Я алкал и жаждал, однако, и не их, первенствующих, а Тебя Самого, Истина, в которой нет изменения, и ни тени перемены (Иак. 1,17). Передо мною продолжали ставить эти блюда со сверкающими призраками; лучше было, конечно, любить это солнце, существующее в действительности для нашего глаза, чем эти выдумки для души, обманутой глазами. И, однако, я ел эту пищу, думал, что Ты здесь: без удовольствия, правда, потому что я не чувствовал у себя на языке подлинного вкуса Твоего,
Тебя не было в этих пустых измышлениях, и я от них не насыщался, а больше истощался. Еда во сне в точности напоминает еду, которую ешь, бодрствуя, но она не питает спящих, потому что они спят. Эти вымыслы ничем не напоминали Тебя, такого, каким я теперь Тебя знаю; это были призраки, те мнимые тела, подлиннее которых эти настоящие тела, которые мы видим нашим плотским зрением как на небе, так и на земле; их видят животные и птицы, и с ними вместе и мы их видим. Они подлиннее, чем их образы, составленные нами. И опять-таки эти образы подлиннее предположений, которые мы, исходя из них, начинаем строить о других телах, больших и бесконечных, но вообще не существующих. Я питался тогда этими бреднями и не мог напитаться.
А Ты, любовь моя, в Котором немощь моя становится силой, Ты – не эти тела, которые мы видим, хотя они и на небе, и не те, которых мы там не видим, ибо Ты создал те и другие и не считаешь их среди высших Твоих созданий. Насколько же Ты далек от тех моих призраков, от тех призрачных тел, которых вообще не существует. Подлиннее их созданные нами образы существующих тел, а подлиннее этих образов – сами тела, и однако они – не Ты, и Ты даже не душа, оживляющая тела, которая лучше и подлиннее тел. Ты Жизнь душ, Жизнь жизни, сама себя животворящая и неизменная, Жизнь души моей.

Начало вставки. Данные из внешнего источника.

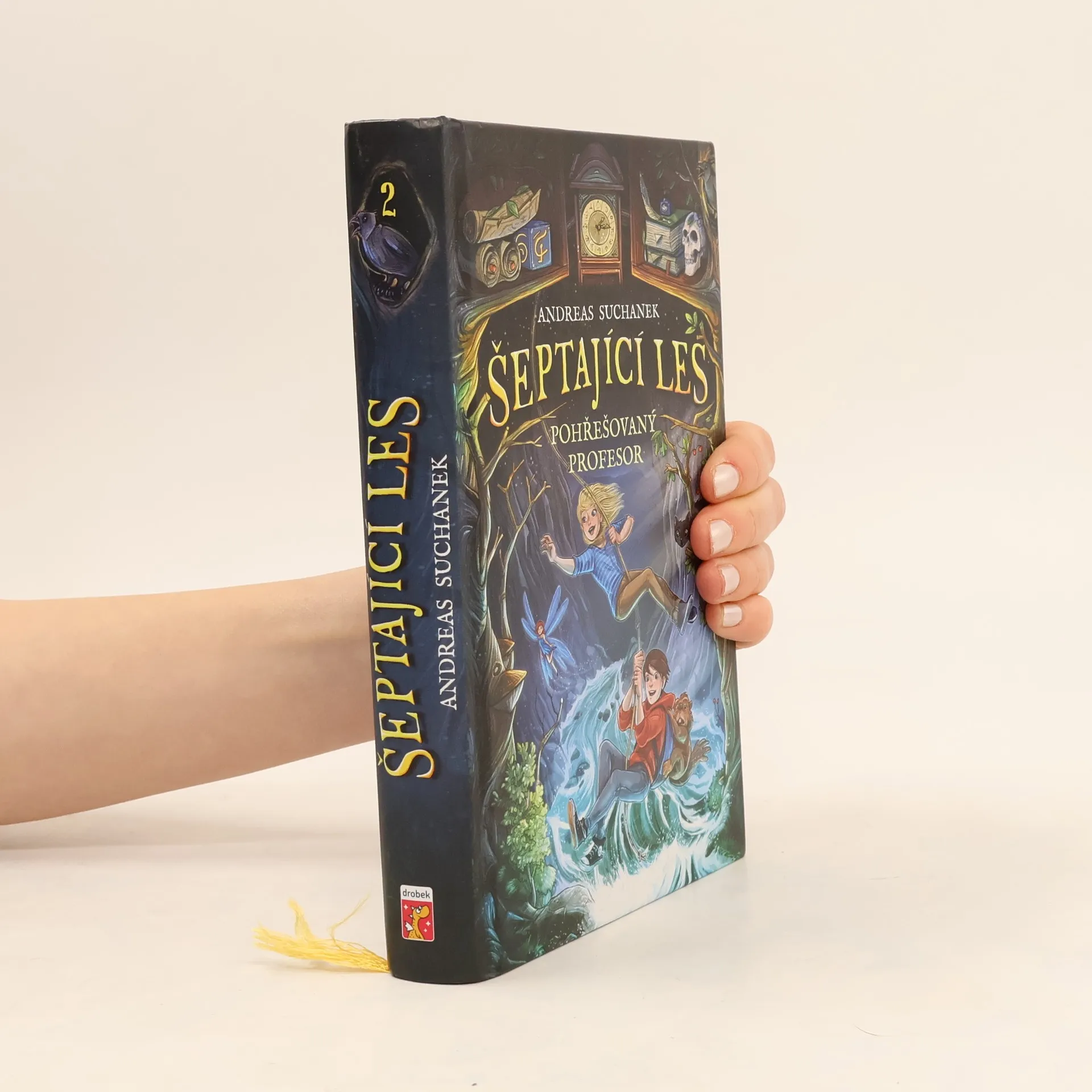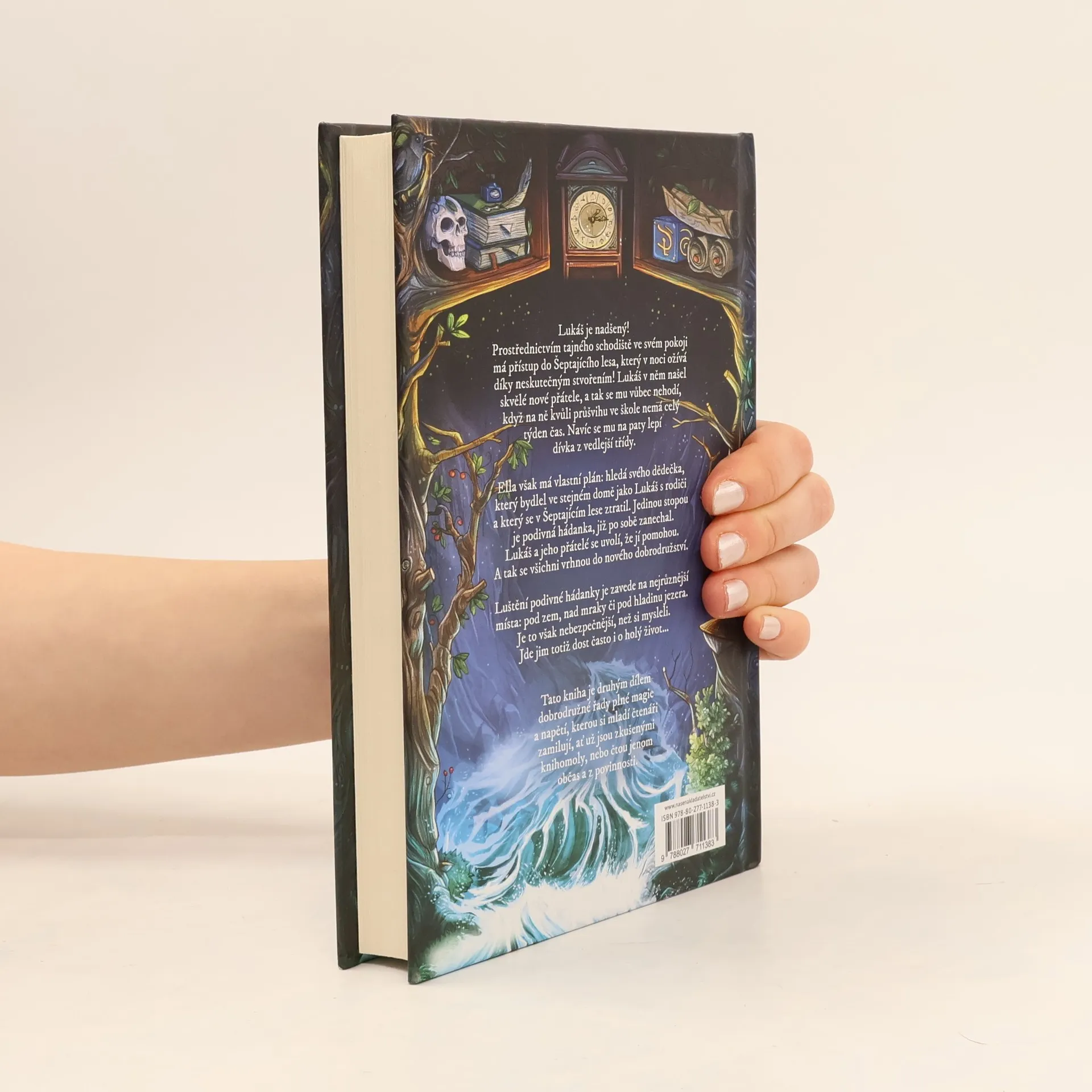 Lukáš je nadšený: Prostřednictvím tajného schodiště ve svém pokoji má přístup do Šeptajícího lesa, který v noci ožívá díky neskutečným stvořením! Lukáš v něm našel skvělé nové přátele, a tak se mu vůbec nehodí, když na ně kvůli průšvihu ve škole nemá celý týden čas. Navíc se mu na paty lepí dívka z vedlejší třídy.Ella však má vlastní plán: hledá svého dědečka, který bydlel ve stejném domě jako Lukáš s rodiči a který se v Šeptajícím lese ztratil. Jedinou stopou je podivná hádanka, kterou po sobě zanechal. Lukáš a jeho přátelé se uvolí, že jí pomohou. A tak se všichni po hlavě vrhnou do nového dobrodružství.Luštění podivné hádanky je zavede na nejrůznější místa: pod zem, nad mraky či pod hladinu jezera. Je to však nebezpečnější, než si mysleli... Jde jim totiž dost často i o holý život.
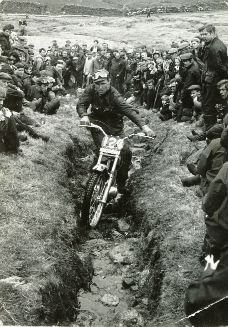 The next thing to happen was Donny arrived. We will never know what went wrong but he did exactly what I was desperate to avoid his front wheel kicked back. Donny landed first, closely followed by his bike and the end result was a broken leg. Oh well, that was that then! – Rob
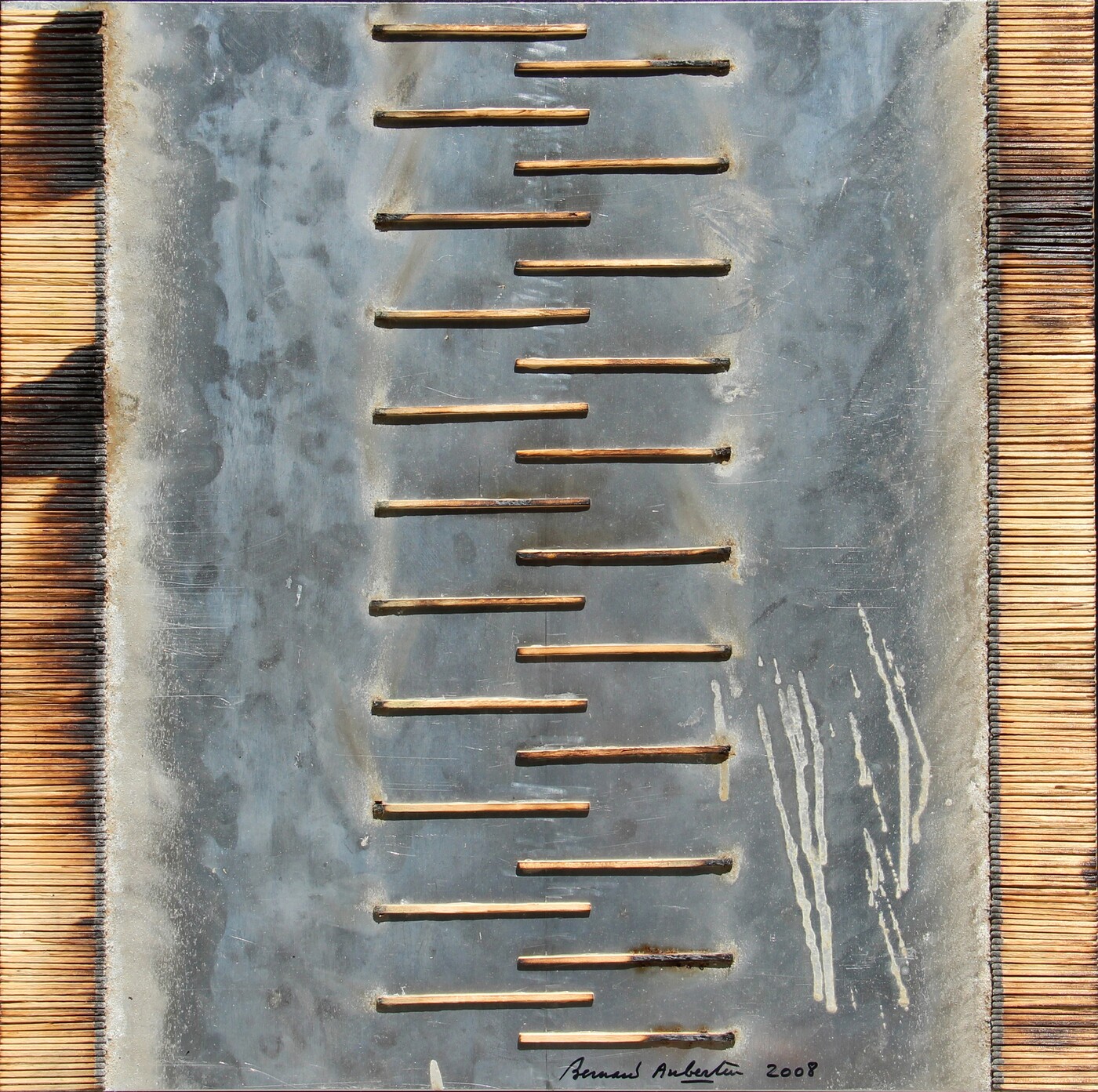 AUBERTIN Bernard, Dessin de feu sur aluminium, Dessin de feu sur aluminium, 2008, fiammiferi bruciati su alluminio, cm 50x50

11. Где же был Ты тогда для меня, и далеко ли? Я скитался вдали от Тебя, и меня отогнали даже от стручков, которыми я кормил свиней (ср. Лк. 15,16). Насколько басни грамматиков и поэтов лучше, чем эти западни. Поэма в стихах о летящей Медее принесет, конечно, больше пользы, чем рассказ о пяти элементах, по-разному раскрашенных в виду пяти «пещер мрака»[5], которые вообще не существуют, но которые губят уверовавшего. Стихи и поэмы я отношу к настоящей пище. Если я декламировал стихи о летящей Медее, то я никого не уверял в истинности самого события; если я слушал такие стихи, я им не верил, а тому я поверил. Горе, горе, по каким ступеням свели меня в бездну адову, потому что, томясь по истине и не находя без нее покоя, я искал Тебя, Боже мой (Тебе исповедуюсь, сжалившемуся надо мной еще тогда, когда я и не думал исповедоваться), я искал Тебя, руководствуясь не разумом, которым Ты захотел отличить меня от зверей, а руководствуясь телесными чувствами. Ты же был во мне глубже глубин моих и выше вершин моих. Я натолкнулся на ту дерзкую и безрассудную женщину из Соломоновой загадки, которая сидела в дверях на кресле и говорила: «Спокойно ешьте утаенный хлеб и пейте краденую вкусную воду». Она соблазнила меня, видя, что я живу вовне, завися от своего плотского зрения, и пережевываю пищу, которую она давала мне глотать (ср. Притч. 9,13–17).